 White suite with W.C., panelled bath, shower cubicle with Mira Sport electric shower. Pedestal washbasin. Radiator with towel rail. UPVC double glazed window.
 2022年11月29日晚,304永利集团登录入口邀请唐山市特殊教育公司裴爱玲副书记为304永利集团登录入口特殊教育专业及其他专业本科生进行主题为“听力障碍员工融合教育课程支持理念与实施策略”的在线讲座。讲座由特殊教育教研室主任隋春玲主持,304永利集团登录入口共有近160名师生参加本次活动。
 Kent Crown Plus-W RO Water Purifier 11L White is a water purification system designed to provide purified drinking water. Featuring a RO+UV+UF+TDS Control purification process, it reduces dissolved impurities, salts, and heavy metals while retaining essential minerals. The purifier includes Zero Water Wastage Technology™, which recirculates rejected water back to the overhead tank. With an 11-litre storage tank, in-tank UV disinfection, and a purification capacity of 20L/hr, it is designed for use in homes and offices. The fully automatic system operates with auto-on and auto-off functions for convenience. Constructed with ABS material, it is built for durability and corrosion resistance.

****

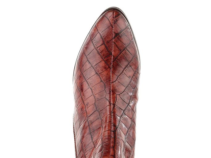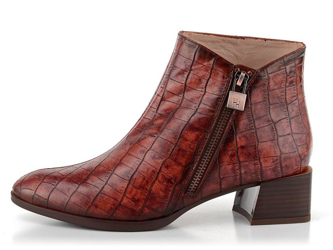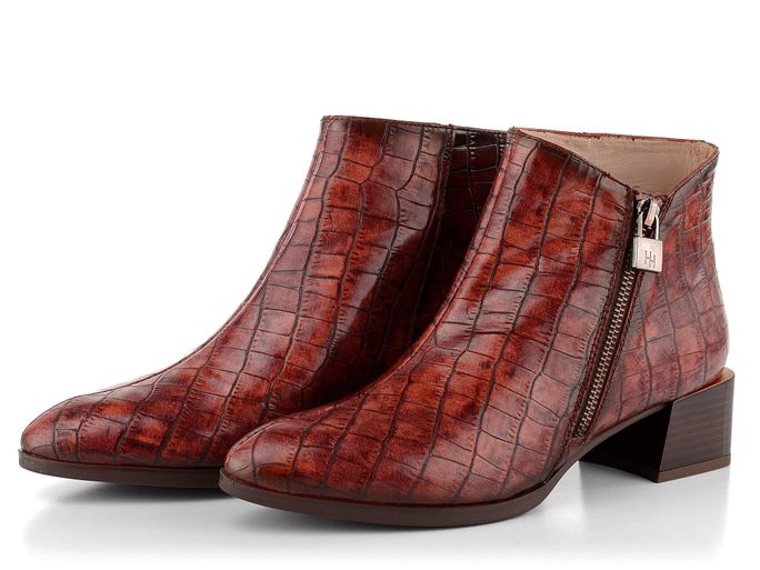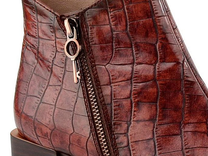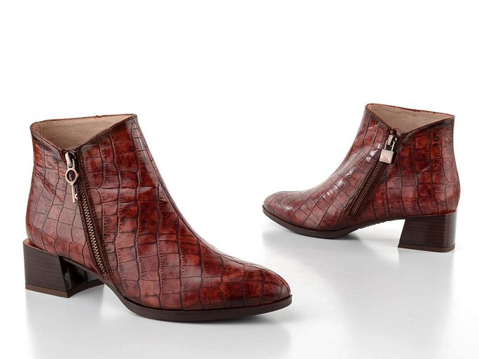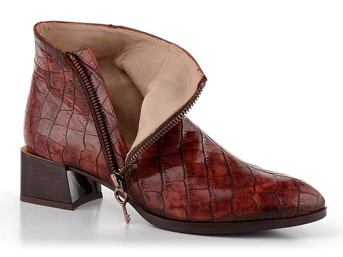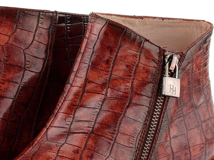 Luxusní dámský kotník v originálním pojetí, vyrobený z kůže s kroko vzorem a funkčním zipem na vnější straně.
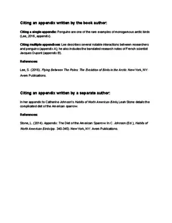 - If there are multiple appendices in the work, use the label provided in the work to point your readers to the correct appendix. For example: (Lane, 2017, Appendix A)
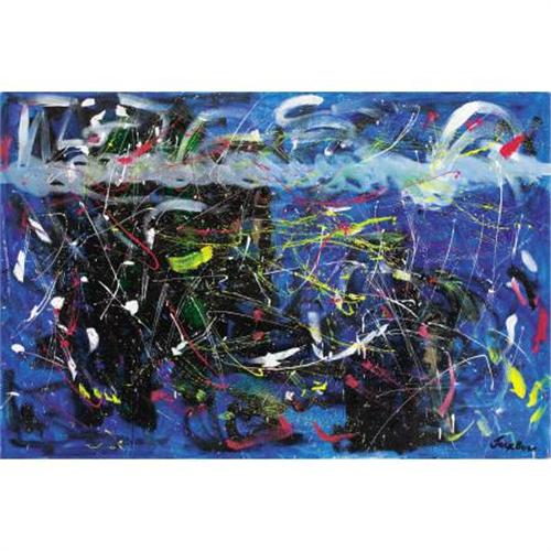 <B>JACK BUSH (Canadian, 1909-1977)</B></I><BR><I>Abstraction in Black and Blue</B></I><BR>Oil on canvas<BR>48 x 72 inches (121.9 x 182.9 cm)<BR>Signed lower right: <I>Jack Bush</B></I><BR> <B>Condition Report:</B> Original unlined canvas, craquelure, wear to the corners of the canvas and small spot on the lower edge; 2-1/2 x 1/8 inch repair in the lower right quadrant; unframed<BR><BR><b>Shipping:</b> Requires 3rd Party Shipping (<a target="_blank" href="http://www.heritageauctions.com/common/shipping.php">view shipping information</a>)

****

**Instructions for the task**
Search each line of the data above for "with", and copy the lines where it occurs.

**Worked solution**
 White suite with W.C., panelled bath, shower cubicle with Mira Sport electric shower. Pedestal washbasin. Radiator with towel rail. UPVC double glazed window.
 Kent Crown Plus-W RO Water Purifier 11L White is a water purification system designed to provide purified drinking water. Featuring a RO+UV+UF+TDS Control purification process, it reduces dissolved impurities, salts, and heavy metals while retaining essential minerals. The purifier includes Zero Water Wastage Technology™, which recirculates rejected water back to the overhead tank. With an 11-litre storage tank, in-tank UV disinfection, and a purification capacity of 20L/hr, it is designed for use in homes and offices. The fully automatic system operates with auto-on and auto-off functions for convenience. Constructed with ABS material, it is built for durability and corrosion resistance.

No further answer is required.